A few years later, I realized that all I was doing during my coveted daylight hoursafter work, at sunrise on Saturday or even Friday morningswas mowing the massive lawn. I was surrounded by a sprawling green grass nightmare. The kids loved it. The dogs loved it. The deer loved it, too. But all I did besides mow and maintain was go to the convenience store to fill up on gas for the powerful DR.
Turns out, DR is good at more than just making potent tools: My darling wife had given the company both of our names so I could get updates on my new machine and, of course, what else they had to sell perennial yard wrestlers like me. We started getting two of every glossy drop-in, seasonal sale reminder, email blast, video presentation and discount flyer they had. Usually the catalogs went straight to the recycling bin and the electronic missives straight to the junk box, but DR’s very effective marketing team finally snagged me one morning.
On a beautiful spring day behind a huge mug of fresh coffee, I was taking a break from the mower or the chickens, idly flipping through the company’s most recent end-of-winter, one-time-only discount brochure.

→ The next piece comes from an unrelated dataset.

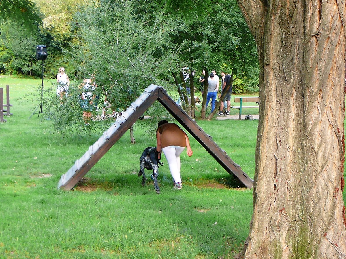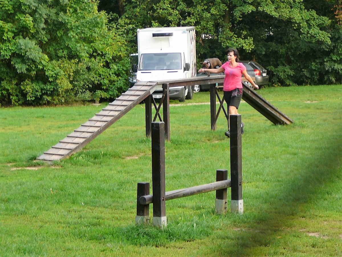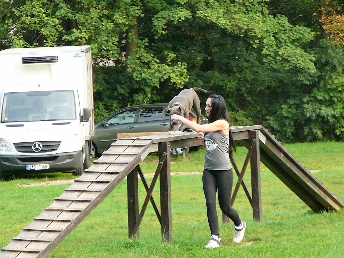 Ve čtvrtek 24. srpna uspořádala Praha 9 na psím hřišti v Podviní pro majitele pejsků a jejich miláčky zábavné psí odpoledne. Protože mám pejsky ráda, šla jsem se tam podívat. Musela jsem zůstat za drátěným plotem, neboť vstup byl povolen pouze registrovaným účastníkům. I tak jsem tam strávila příjemnou chvíli. Na hřišti se sešlo asi dvacet pejsků různých ras i neras se svými paničkami, páníčky a jejich dětmi. Na vyzvání pořadatelů absolvovali jeden po druhém běh po vyznačené trase s překážkami. Několikrát se stalo, že překážky zdolali páníčkové, nikoli pejsci. Nešlo o žádnou dramatickou soutěž, ale o zábavu. Atmosféra mezi účastníky byla pohodová, všichni se dobře bavili. K dobré náladě přispělo i hezké počasí a stánek s občerstvením. Líbí se mi, když se lidé dokáží při takových akcích sejít.

And there it was, for half price: a snow blade/grader attachment for my All-Terrain. “Who doesn’t need one of those?” I thought, falling prey to their changing-seasons tactics. I was born in Vermont, so snow was part of my most formative vocabulary. Snow-shoveling was what we did six months of the year. This would’ve prevented that.
With its talk of “pushing power,” “a 42-inch pivoting 11-gauge steel blade” and easy installation without any tools, the catalog copy had me salivating. So I pulled the proverbial trigger. Had I forgotten about global warming? Maybe. Had it slipped my mind that Middlebury was 750 miles due north of Hillsborough? Guilty as charged. But soon it was mine.
I must admit that I have never used the snow blade. It now sits in the shed, still shiny, ready for the next Piedmont blizzard. We put it up on Craigslist last week. I’m looking for a small mower for this big spring.